I'm not looking for votes with that commentary. I'm looking for truth. I'm like political moviemaker John Sayles, who once said, "I just want to be part of the conversation."

It is an important conversation. Republicans are imperiling compassion and decency on health care and taxes. The country and flyover states like Arkansas need better alternatives than what the Democrats have given them.

The following will sound like comic hyperbole, but isn't: After the Georgia defeat, congressional Democrats began meetings to decide what their message will be on the economy for 2018.

A genuine message crystallizes from passionate belief.
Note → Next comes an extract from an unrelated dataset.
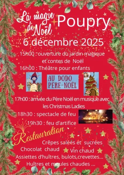 À Poupry, la magie de Noël s’installe le temps d’un après-midi et d’une soirée conviviale. Le jardin magique ouvre dès 15h avec des contes de Noël, suivi à 16h d’un théâtre pour enfants Au dodo Père Noël . À 17h, le Père Noël arrive en musique avec les Christmas Ladies, avant un spectacle de feu à 18h30 puis un feu d’artifice à 19h30. Sur place, restauration gourmande avec crêpes salées et sucrées, chocolat chaud, vin chaud, assiettes d’huîtres, bulots, crevettes, huîtres et moules chaudes pour prolonger la soirée entre voisins et familles. 0 .
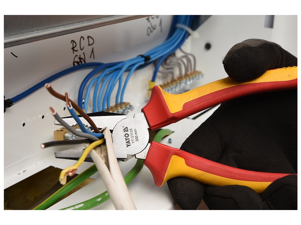 Kleště mají na rukojetích vícevrstvou izolaci s certifikátem VDE, která umožňuje použití při práci s napětím do 1 kV.

A late-coming and contrived one is probably doomed.

A national party that didn't have clarity on an economic message already is not a party that will be of much use as it presumes to dictate talking points to beleaguered minions in Arkansas. Democrats here are on their own, and lucky to be.
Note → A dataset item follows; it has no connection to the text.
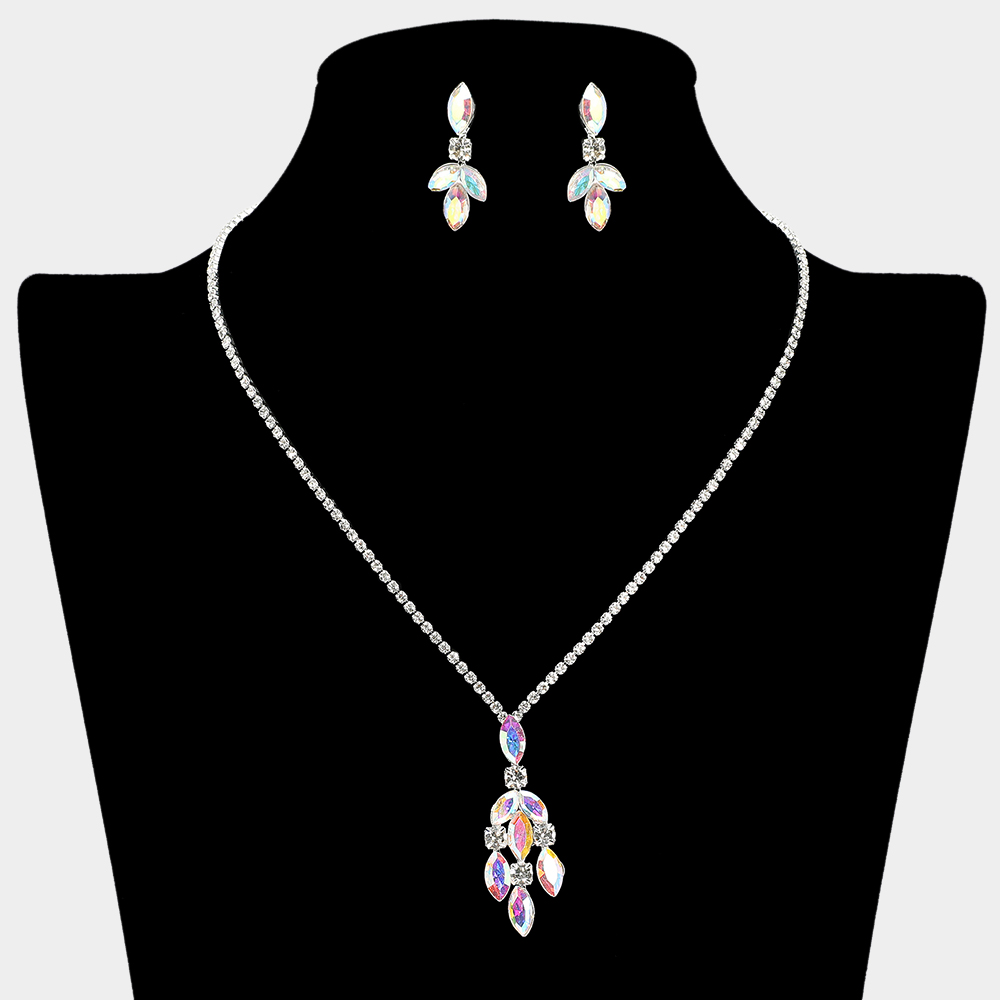 • Stylish necklace and earring set with teardrop and marquise-cut stones. Ideal for weddings, parties, and elegant evenings. Adds a sparkling touch of sophistication to any special occasion.

Here, then, is why Democrats ought to de-obsess on Trump:

Republicans obsessed on Bill Clinton in the 1990s to the point of impeaching him for lying about sex. Clinton's job approval rating went up. A Gallup analysis said it was because lying about sex had nothing to do with Clinton's job as president.

Similarly, Democrats now obsess on Trump. But his job and personal approval ratings never were much, anyway.
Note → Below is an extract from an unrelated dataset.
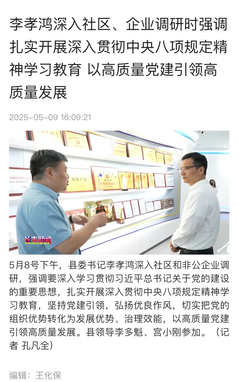 縣委書記李孝鴻肯定了榮事達水工業立足產品創新、拓展多元化應用場景的發展模式。他勉勵企業持續深耕細分領域,進一步拓寬應用場景,增強市場核心競爭力;同時強調要深化黨建與生產經營融合,以高質量黨建引領企業可持續發展,積極向專精特新“小巨人”企業邁進。李書記表示,縣委縣政府將強化政策扶持、優化資源配置,全力為企業發展保駕護航。
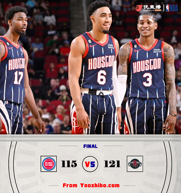 火箭:小波特33分3篮板4抢断,杰伦-格林32分5助攻,史密斯13分11篮板2帽,小马丁15分6篮板,申京15分13篮板7助攻,伊森5分10篮板2抢断,马杨诺维奇2分,克里斯托弗4分3抢断,尼克斯2分。

He got elected by people who didn't approve of him. That's right: Exit polls showed fewer people approving of Trump than voted for him.

Those voters' disdain for Hillary Clinton was implausibly greater. She and the Democrats failed to present a message as simple--if bogus--as making America great again.

U.S. Rep. Tim Ryan, a Democrat from Ohio, put it this way: "Our brand is worse than Trump." Worse even, he should have said.

It's brutally true, at least between the coasts. While Democrats can't score on Republicans by invoking Trump, Republicans score every time by invoking Nancy Pelosi.

The story on Trump and potential criminality is that Russians interfered in our election in ways that helped Trump but do not indicate that he individually conspired with them. And Trump asked the FBI director to back off on Michael Flynn, then, months later, fired the FBI director, who hadn't backed off.

That's either obstruction of justice or utter stupidity, or both. But it does not go to Trump's job performance, which is transcendentally inept on its own.

Yet the stock market is exploding, which retirement savings appreciate, and employment is steady, which working people appreciate. Lucky remains better than good.

In Georgia, the Republican candidate achieved a four-point victory. Seven months ago, Trump nabbed only a one-point victory in that heavily Republican district. It's clear, then, that the obsession on Trump personally during those seven months did not enhance Democrats or harm Republicans.

Democrats basically took $40 million and set fire to it north of Atlanta.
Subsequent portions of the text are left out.